On Mon, Jan 4, 2016 at 4:13 PM, Vincent Esche via swift-evolution < swift-evolution@swift.org> wrote:
After having had this code laying around on my Mac since 6/26/15 (waiting
for Swift to go open source)
I figured it’s about damn time I submit the actual RFC for it. So without
further ado…
One of the areas where Swift’s stdlib is still quite lacking is searching.
Which is a shame as searching (along with indexing) might be among
the most important tasks of computer science/software development.

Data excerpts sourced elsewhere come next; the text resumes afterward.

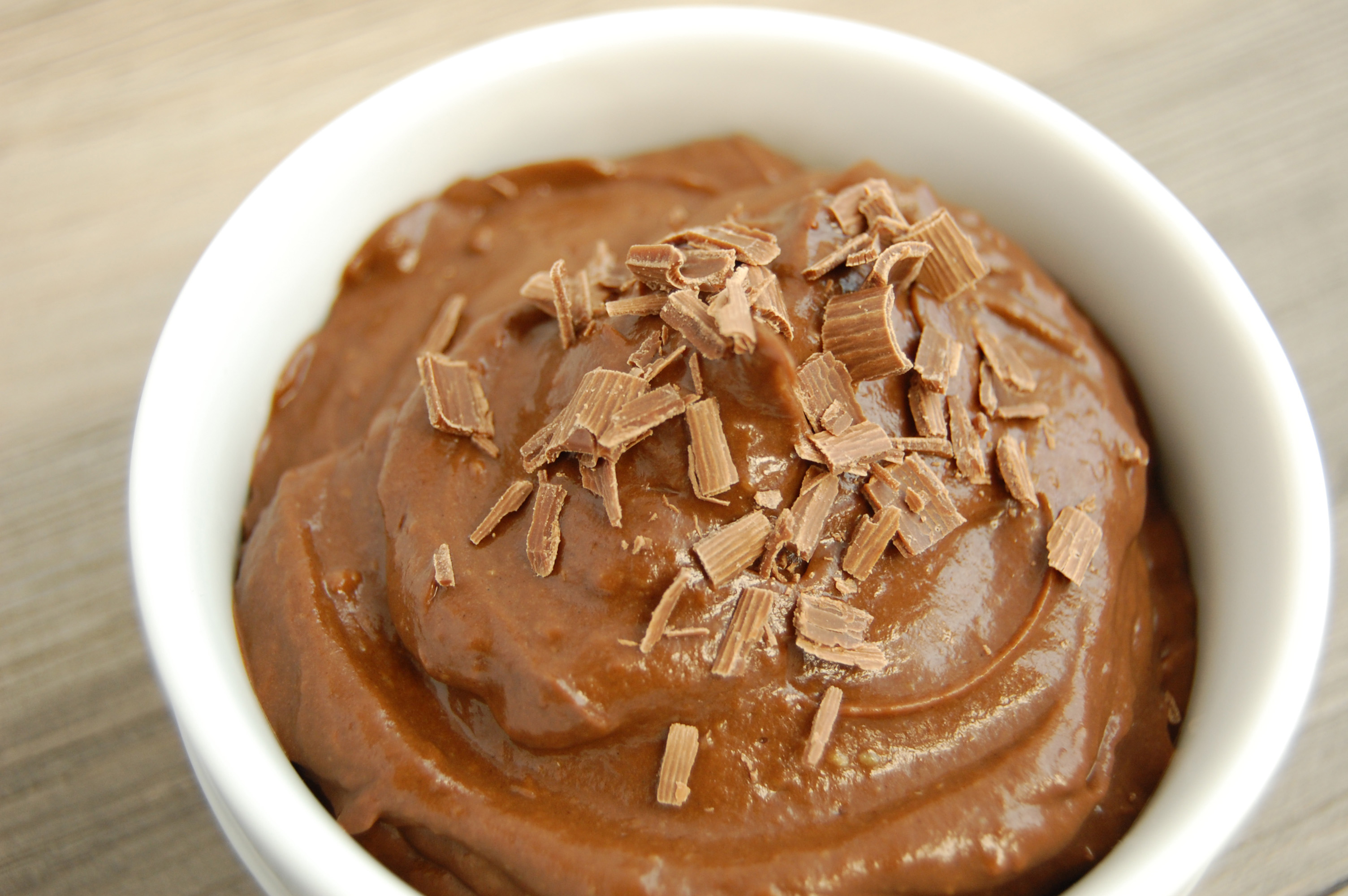 Blend all ingredients in a food processor or blender. Process until completely smooth. Transfer to a sealable container and refrigerate one hour or until ready to serve. Serve with grated dark chocolate and/or whipped cream.
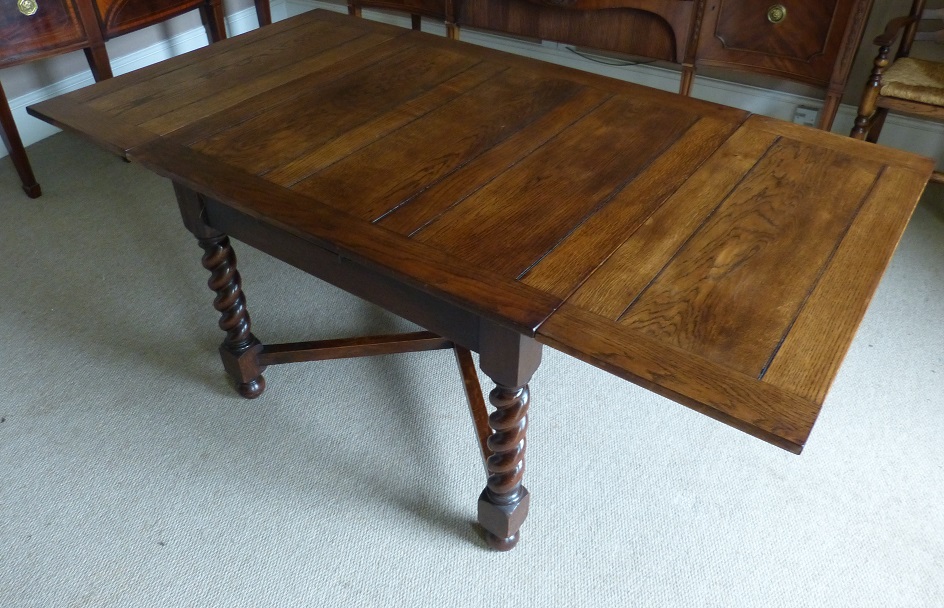 Solid Oak Barley Twist, Draw Leaf Table c.1920
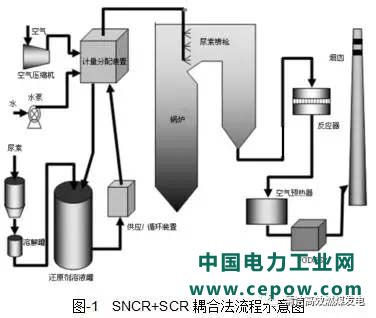 脱硝系统采用SNCR+SCR耦合脱硝技术,还原剂采用尿素溶液,SNCR部分采用喷枪向炉膛喷入尿素溶液,热解后生成氨气在高温区产生SNCR还原反应,将NOX还原成氮气,未反应完的氨气流向尾部SCR催化剂内,继续与剩余的NOX进行反应,从而实现脱硝的目的。
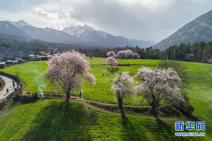 西藏林芝波密县境内桃花盛开的田园风光(4月5日无人机拍摄)。
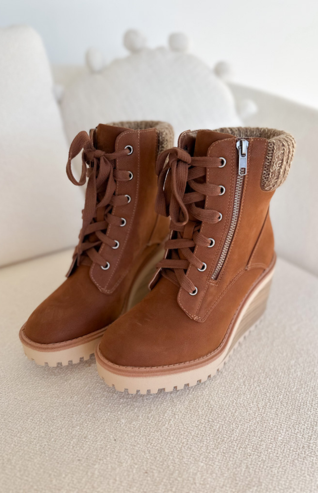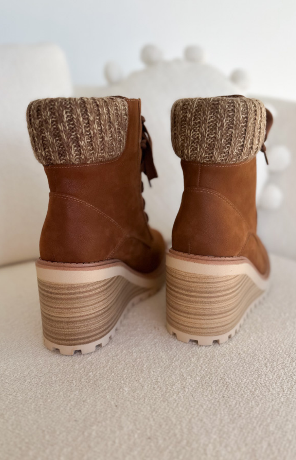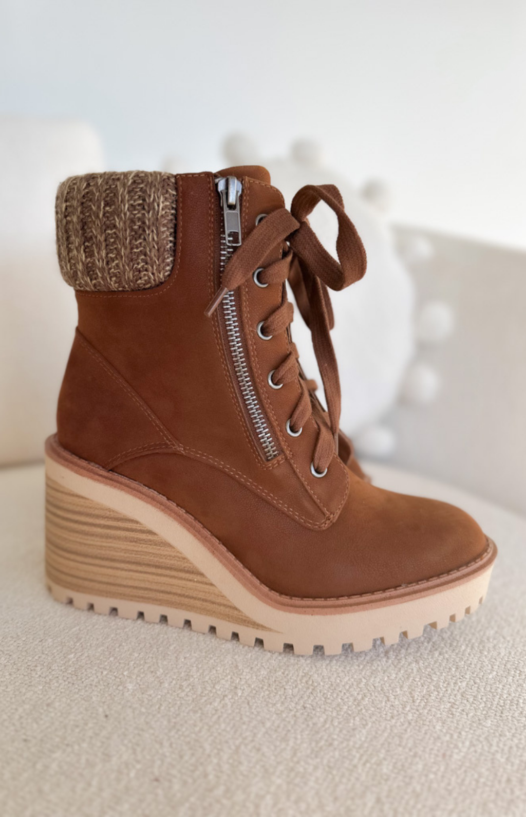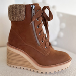 Step up your style with these brown lace-up wedge boots—where comfort meets effortless chic. The wedge heel gives you a subtle lift without sacrificing all-day wearability, while the lace-up design adds a touch of casual, on-trend flair. Crafted in a rich brown tone, they pair seamlessly with jeans, skirts, or leggings for a versatile look that transitions from errands to evenings out. Cushioned insoles keep your feet cozy, and the sturdy sole ensures you stay confident on the move. These boots are the perfect mix of stylish, practical, and easy-to-love.
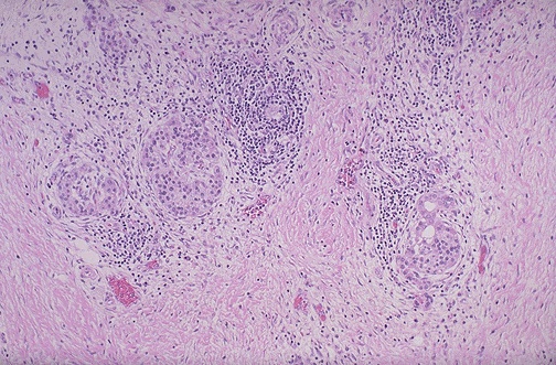 ![]() | Microscopically, this low power photomicrograph demonstrates scattered chronic inflammatory cells in a collagenous stroma, with a few remaining islets of Langerhans, in a case of chronic pancreatitis. Chronic alcoholism is a common cause for this condition, but long-standing obstruction of the pancreatic duct from gallstones or masses may produce inflammation. Some cases may be related to germ line mutations in the PRSS1 and SPINK1 genes. |
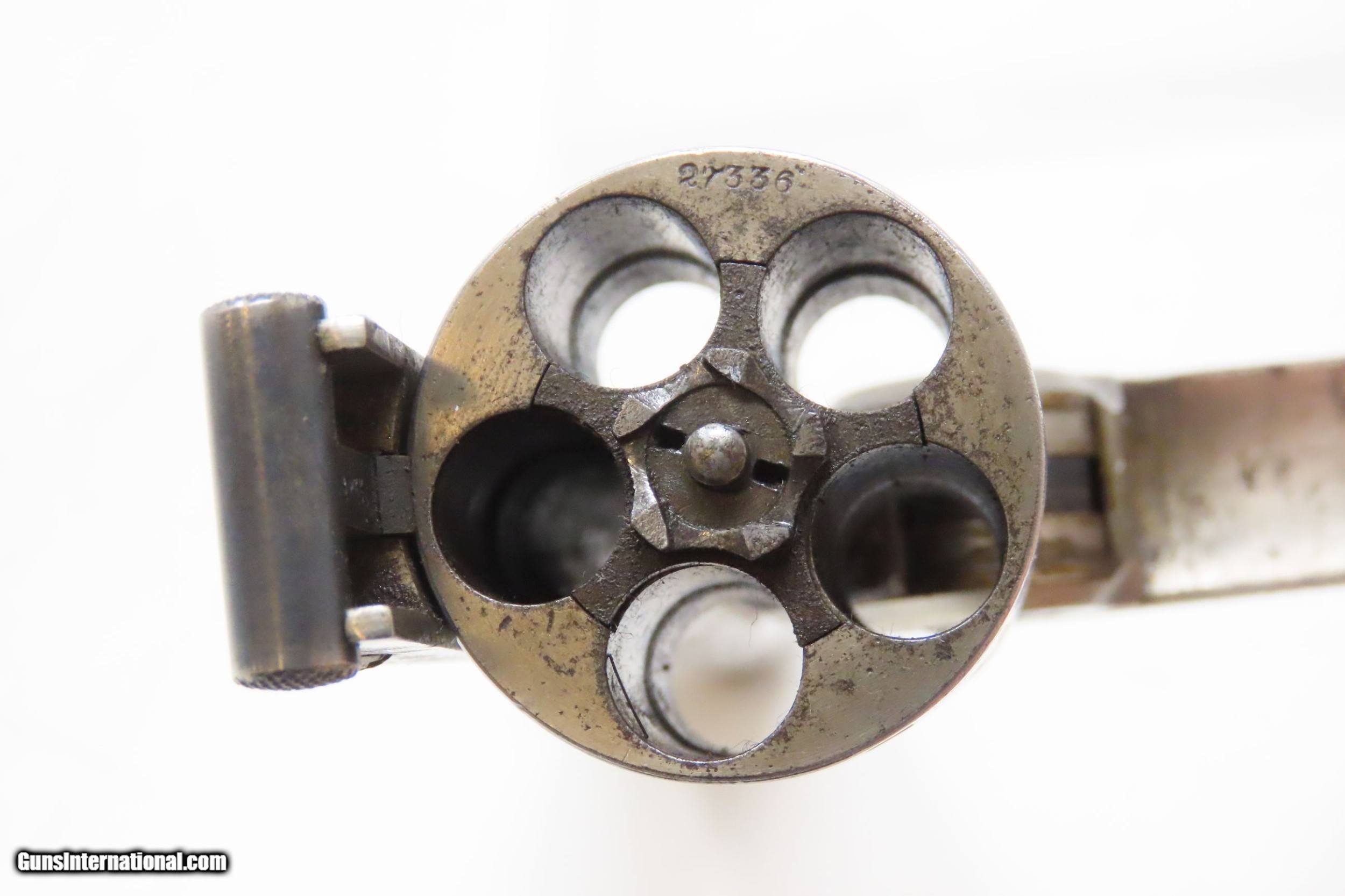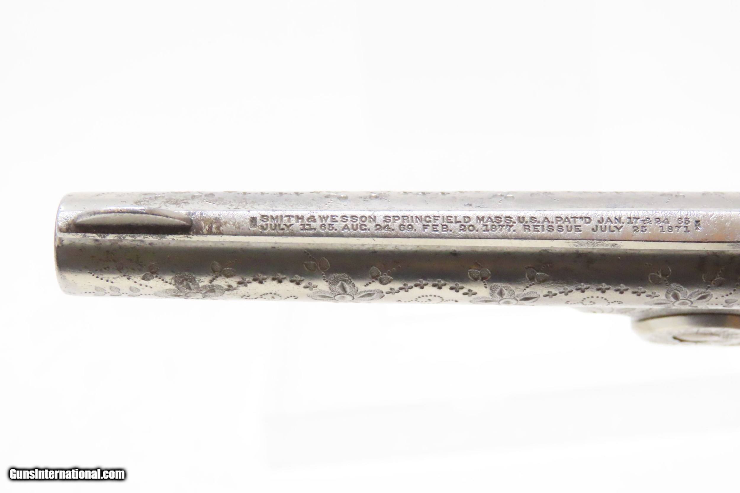 Description: Antique SMITH & WESSON Model 1-1/2 Third Issue .32 SINGLE ACTION Revolver PANEL SCENE ENGRAVED with PEARL GRIP! Here we present an antique Smith & Wesson Model Number 1-1/2 .32 S&W Third Issue Revolver, made circa the 1878-1892 in Springfield, Massachusetts. The No. 1 was Smith & Wesson’s first metallic cartridge firearm. It utilized the idea of the “bored through cylinder”, which was patented by Rollin White and subsequently exclusively licensed by Smith & Wesson. This concept has forever changed revolving firearms design, and is the same idea used in revolvers today. S&W, via Rollin White himself, aggressively sued any patent infringers and were able to hold their monopoly on the American market for cartridge revolvers from about 1857 to 1870, whereupon their patent expired. The results were a very profitable business, a broke Rollin White, and a grudging U.S. Chief of Ordnance Alexander Dyer, who was still angry in 1870 about not being able to use the technology during the Civil War. The U.S. government ended up giving Colt their contracts since they valued the larger .44 caliber in the Colt 1860 Armies over the .32 caliber full sized No. 2 Armies. The S&W Model No. 1-1/2 Revolver Third Issue is known as the “Model 1-1/2 Single Action Revolver”. The major difference between this issue and the first two issues is the breaking at the top, which is consistent with the design of the Safety Hammerless .38 Single Action. It also lacks the ejector rod under the barrel, the large hinge in front of, and just below the barrel, and the extractor that ejects spent cartridges when the barrel is hinged downward. This revolver marked the debut of the .32 S&W centerfire cartridge. Serial numbers range from 1 to approximately 97,500 with a production run between 1878 and 1892. The overall condition is good. Robust action (the ejection pin does not function). Dim bore, clear and contains a few spots of pitting. Deep engravings on the frame and barrel. Legible markings. Both pearl grips are secure and remain vibrant. Numbers match. Here is a nice S&W revolver from the glory days of the Old West! Own the original! This is a legitimate antique and not a reproduction. Barrel is 3-1/2 inches. Caliber: .32 S&W Overall condition as seen in photos. Very Fast. Very Safe. FREE SHIPPING WORLDWIDE. Delivered directly to your door by express mail! Guaranteed AUTHENTIC & Includes CERTIFICATE OF AUTHENTICITY. ancestryguns $1500 #217465 SOLD Antique: Yes |

One might not need fast collection searches for writing a banal fart or
flashlight app,
but almost every other app is likely to benefit from having a proper
searching API.
So I’d like to fix that.
Attached you find a full RFC along with the full and functional source
code to make it happen.
I’d love to hear your opinion on this and will be more than happy to
answer questions.
Rendered Version + Full Implementation:
https://gist.github.com/regexident/2b7531bd748f57679671
(The code is tested using Quick/Nimble. Tests would thus have to be ported
to Swift’s XCTest.)
- Vincent
Markdown-dump for
# Improved Collection Search
* Proposal: [SE-NNNN](
https://github.com/apple/swift-evolution/blob/master/proposals/NNNN-name.md
)
* Author(s): [Vincent Esche](https://github.com/regexident\)
* Status: **Review**
* Review manager: TBD
## Introduction
This RFC proposes an extension to the currently rather limited and linear
searching API of `CollectionType`, that is `indexOf(element:)` and
`indexOf(predicate:)`.
It proposes the backwards-compatible refactoring of those existing methods
as well as the introduction of a view-based ensemble of methods for
efficient binary-search.
Swift-evolution thread: [link to the discussion thread for that proposal](
https://lists.swift.org/pipermail/swift-evolution\)
## Motivation
Indexing of and searching in data is a big deal in software development.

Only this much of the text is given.